Its an ultrasound screening of the fallopian tubes and they insert a prob and ultrasound scanner up my vagina so it can get close to the tubes. :shock: Then they pour a sugar solution containing small bubbles of air using a catheter with a balloon which is inflated inside the uterus (ouch) :oops: the balloon seals up the uterus so that when the sugar solution is put in the catheter it can only spill out the fallopian tubes. 

If my tubes are normal the scan will show the moving sugar spilling out the ends but if not then my tubes are blocked.

Has anyone had this done and what is the next stage after this?


----------



## Wobbles

When is your appointment?

Its good you are getting somewhere though :hugs: I'm not up on details but I'm pretty sure IVF is an option.

Ok I Googled & found the follwing:
https://www.besttreatments.co.uk/btuk/conditions/12413.html


----------



## Wobbles

Also found:

If the tube is blocked or if the pressure is high, we then pass down another very fine guidewire and catheter which effectively unblocks the tube.

What is the success rate of the treatment?
This will depend on many factors such as age, duration of infertility, any other problems etc.

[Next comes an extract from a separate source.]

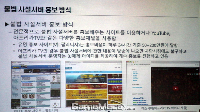 ▲ 최근에는 개인방송을 통해 불법 서버를 광고하는 일도 있었다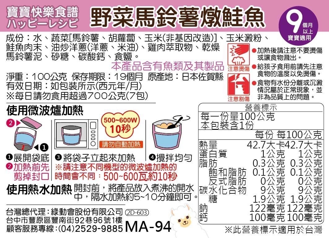 日本KEWPIE-9m+寶寶快樂食譜系列-野菜馬鈴薯燉鮭魚100g 86809

In approximately 80% of couples we are able to open up at least one tube, and those patients would have a one in three chance of conceiving naturally, conceiving within six months on the whole of the procedure being performed.

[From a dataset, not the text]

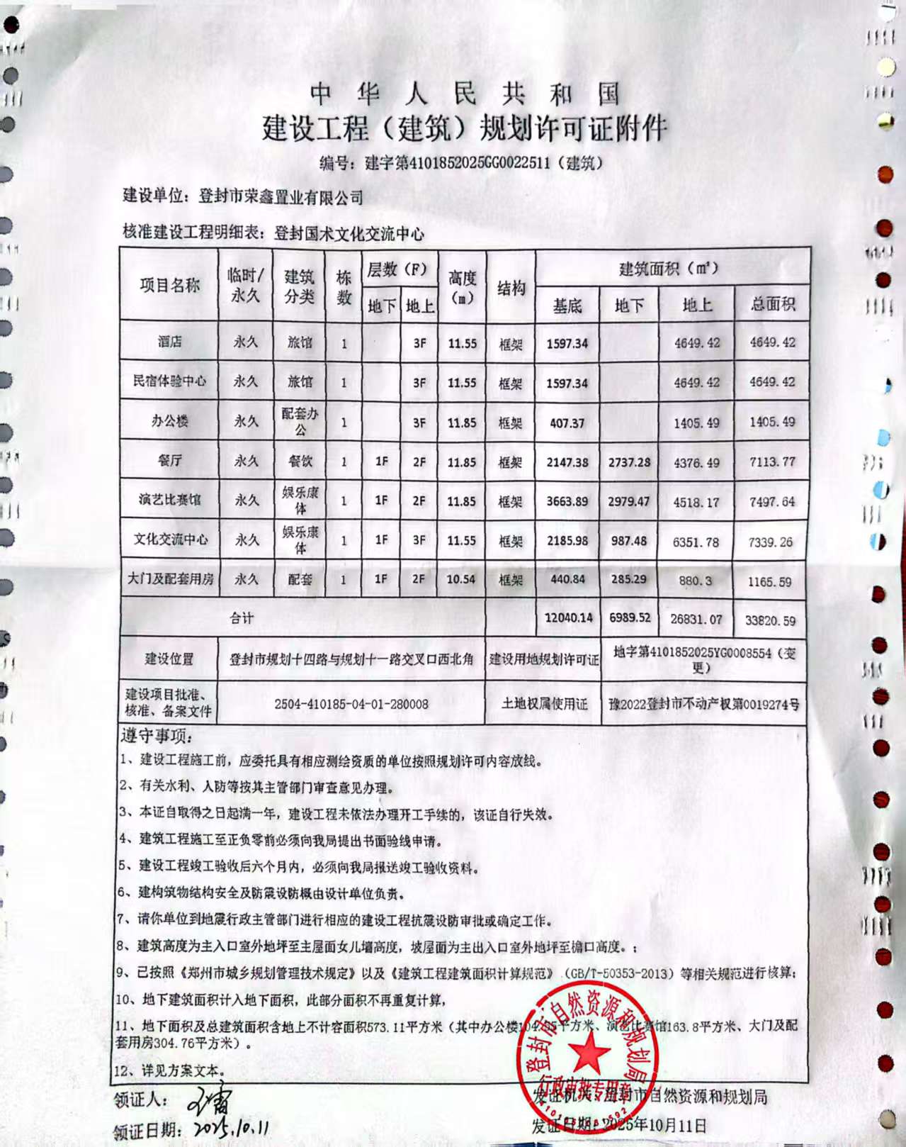 登封市自然资源和规划局关于登封国术文化交流中心建设工程规划许可证证后公告

https://www.infertilitynetworkuk.com/index.php?option=com_content&task=view&id=61&Itemid=80


----------



## miss maternal

Thanks Wobbles

At least I now know what to expect :shock: 

I got the letter friday so will ring up to make an appointment tomorrow. it said not to have unprotected sex before appointment and we did last night :oops: but I dont think I will be seen until after christmas as I spoke to the secretary to trace my appointment and she told me january. hope its not on my birthday 8th january!


----------



## Wobbles

You want to ask how long before appointment should you be unprotected because if you are like us we just don't like condoms for a temp. solution & the pill was a no no!!


----------



## miss maternal

Well i booked my scan for 4th january. it says to not have unprotected sex after your period up to day 12 so if i dont get my period this month then i wont have it done incase im pregnant. x


----------



## Tam

Ohh good luck hun! :hugs: x


----------



## Wobbles

Good luck hunny - Time she fly its not that long away :hugs:


----------



## sophie

good luck hun :hugs:


----------



## miss maternal

Thanks x :hugs: Have been getting bad pains in my sides yesterday and today so im pretty sure its my tubes! Its a shame cos I had some real fertile cum but was in too much pain to perform :roll: x


----------



## Iwantone!!!

Good luck the time will fly bye


----------



## Helen

miss maternal said:

> Has anyone had this done and what is the next stage after this?

I think it depends what they find. If they find your tubes are ok, then I think they look at whether you are ovulating and possibly clomid. If one or both are blocked then they think about whether they can be unblocked. If they are both blocked and cannot be unblocked then IVF is really the only option.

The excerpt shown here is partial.